We have one KPI about increasing international attendance, which is a useful indicator for us about how successful we currently are in positioning ourselves as the premier Australian festival rather than as an outcome in itself. We also monitor what the international press is saying about us and then find a way to lead with that in reporting as that also is an indicator of the sort of profile and international position we maintain.

There is always a danger in more measurement which the agenda always seems to be about size and numbers.

Christie Anthoney

The media plays an important role here, hungry journalists who go after these numbers ravenously.

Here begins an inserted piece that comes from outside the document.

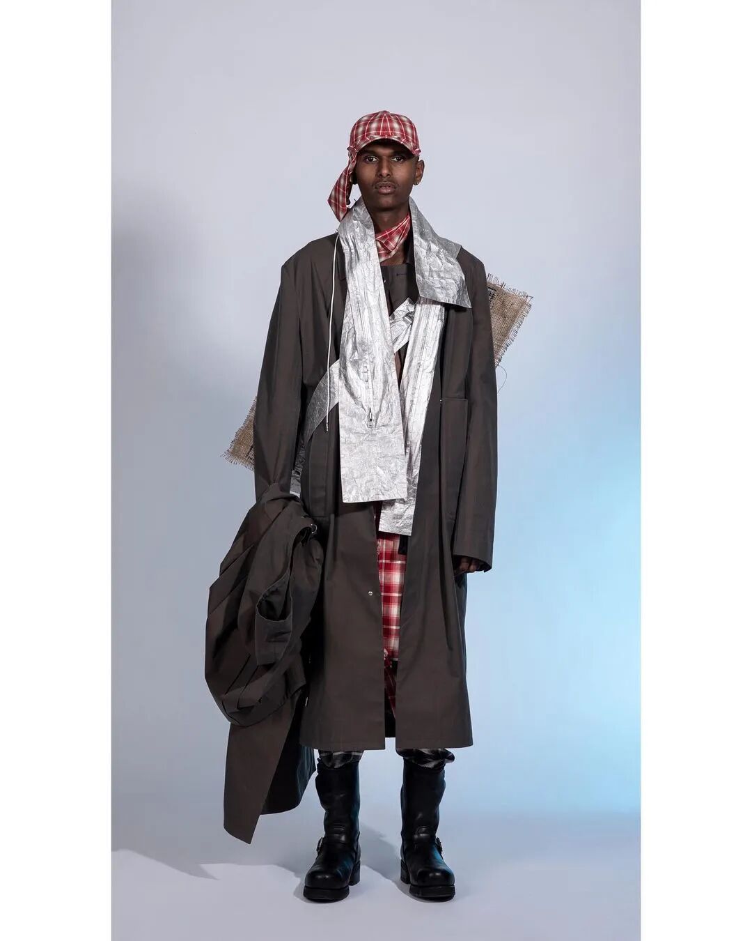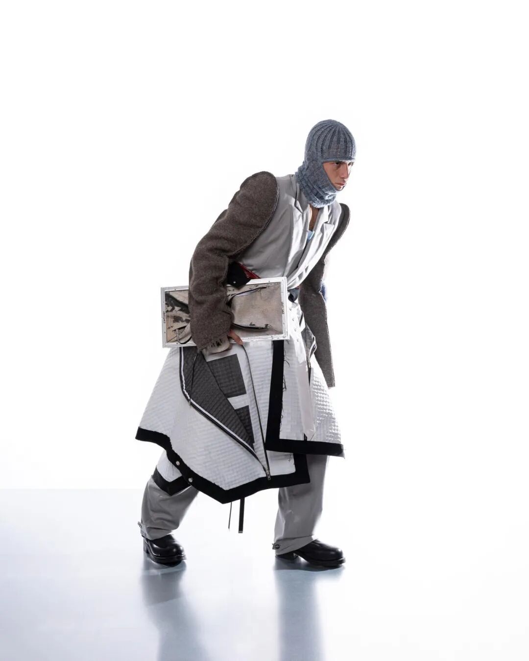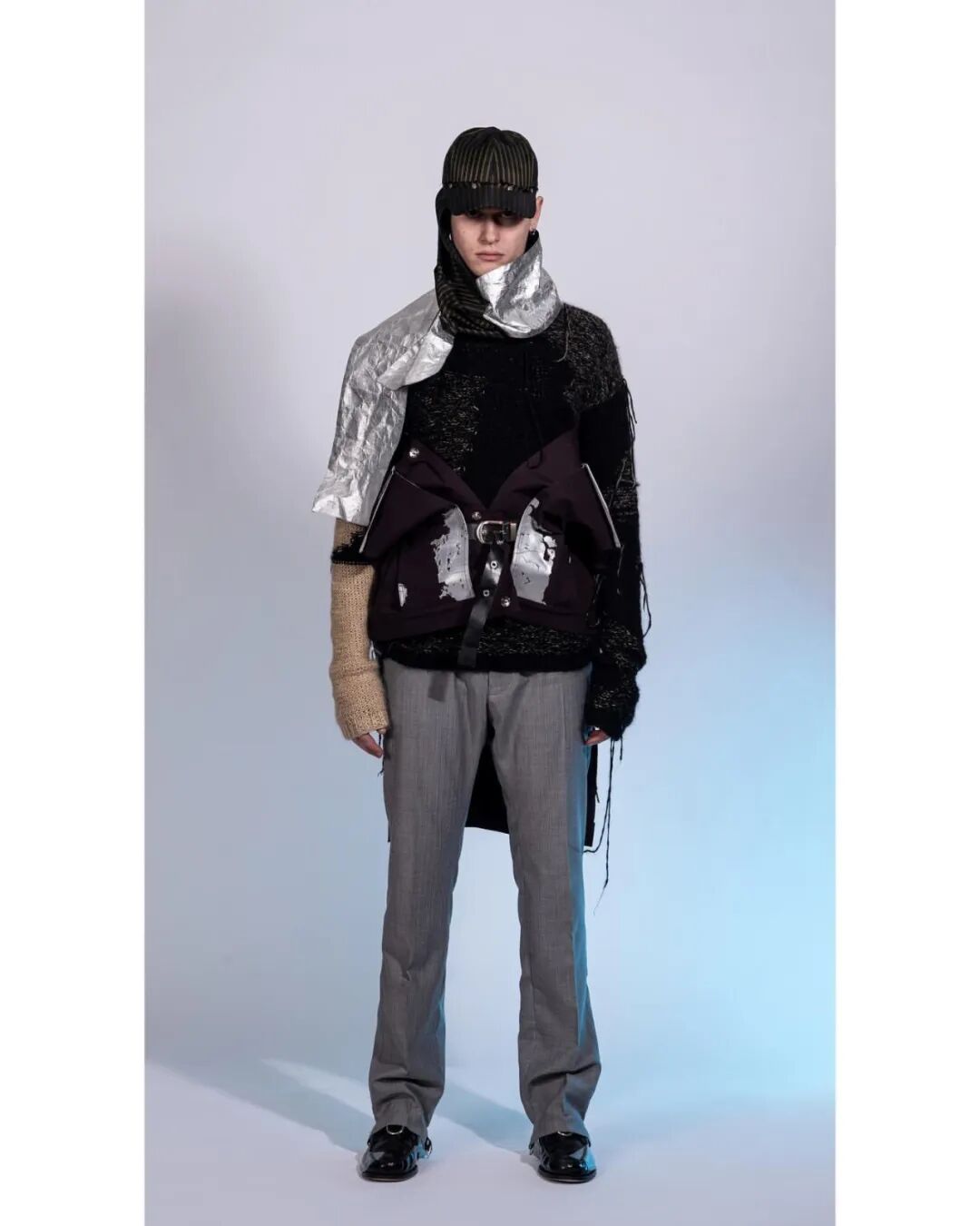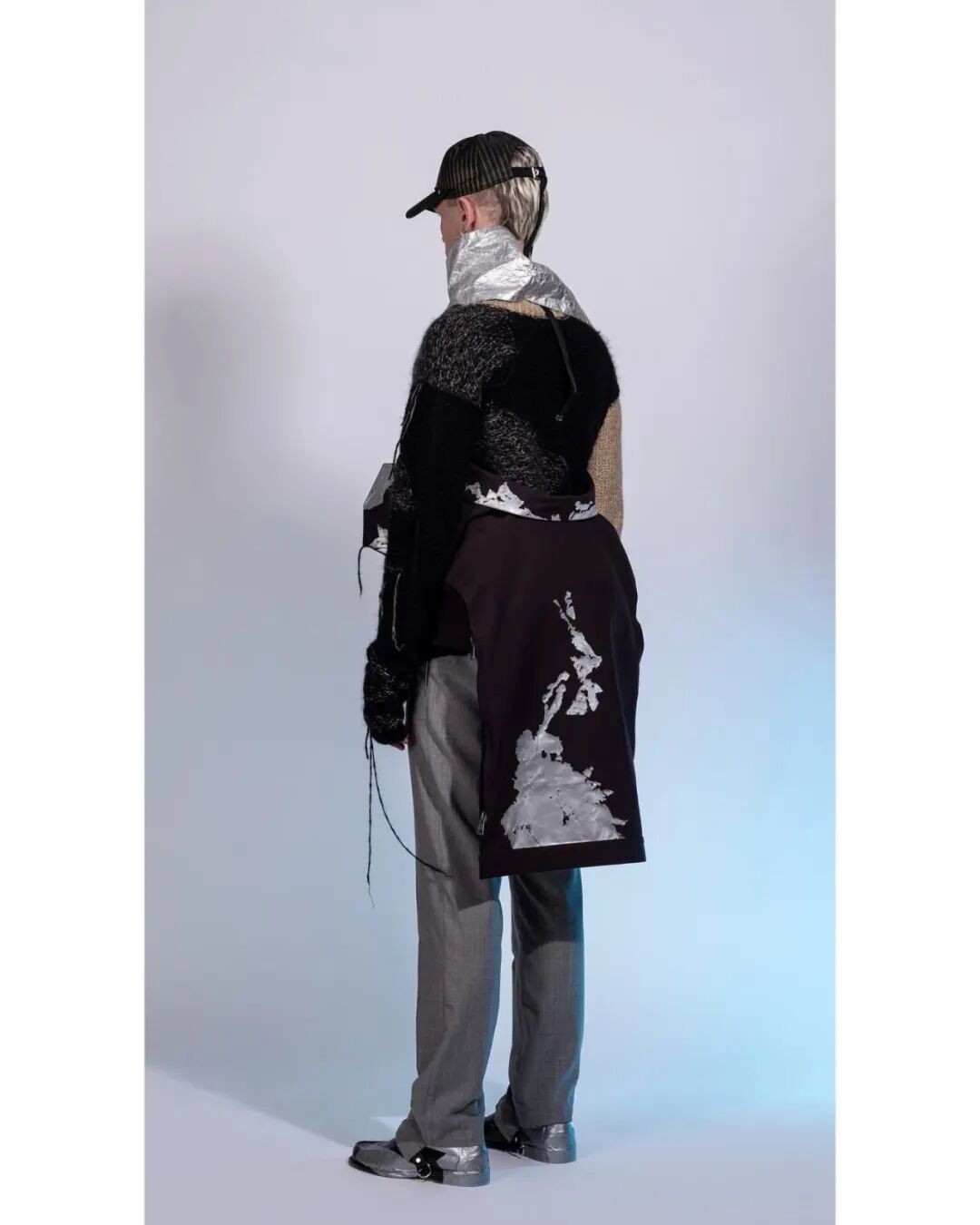 Oversized空气动力学廓形、前卫的做旧和成型技术、铝涂层材料与升级再造边角材料的应用,Valentin意图制作耐用、优雅和实用的服装。无须置疑的是,他是不折不扣的反乌托邦主义倡导者。
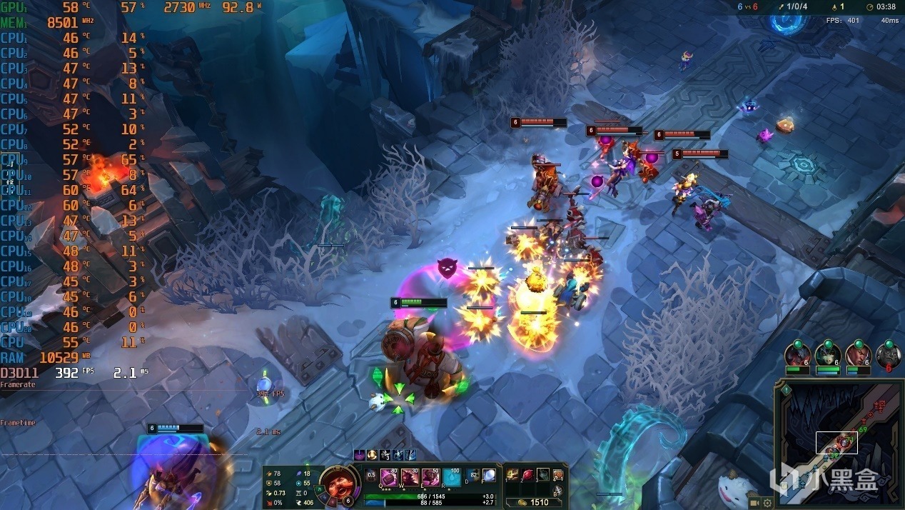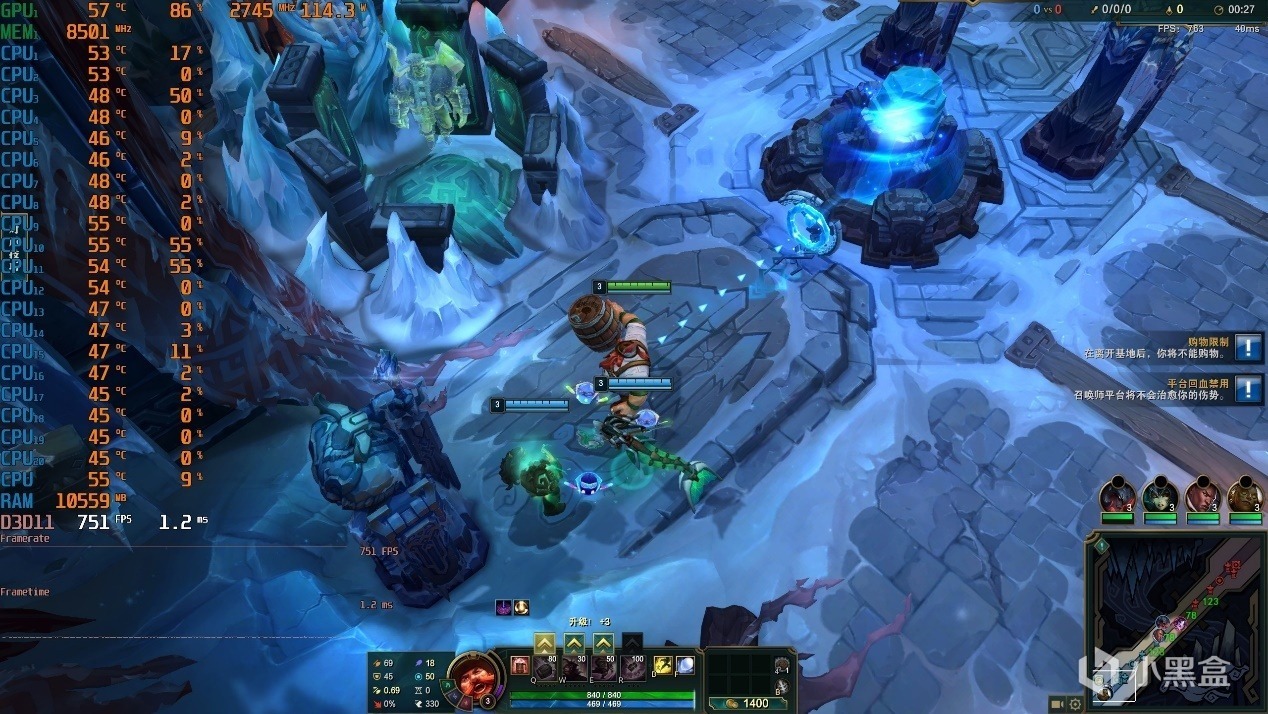▼游戏实测,LOL大乱斗模式,2K分辨率,全极高画质,泉水游戏帧数在751帧左右,非常流畅。

If we do not release particular statistics, journalists ask questions about why and assume the worst. Cultural operators get measured against each other relentlessly.

Alex Reid

Treasury Departments care less for numbers. They care about finance and the two concepts are quite distinct. They care about whether a cultural organisation is financially healthy, not as much about how many people attended an event. This is important to realise in regards to how to marry cultural achievement and numerical data.

Rob Brookman

There is a strong bias towards receiving only good news – and a demand driven for growth and development which matches the same demand and underlying assumption of economics. “Growth is good”. The fact is that artistically and audience-wise, growth and development will not necessarily be linear. Not every year is going to be a better year than the last. Not every number is going to be a good number. While numbers tell some meaningful stories, they miss others. How do you enunciate the development of values? How do you measure the deepening of accumulated experience and the historical relationship built with a developing audience?

Alan Smith

We need to measure the risk of cultural activities as well. We should plan for one out of three events being successful and cross-subsidising the other two as important but less financially remunerative.

Julian thanked the panellists for their contribution and discussion concluded.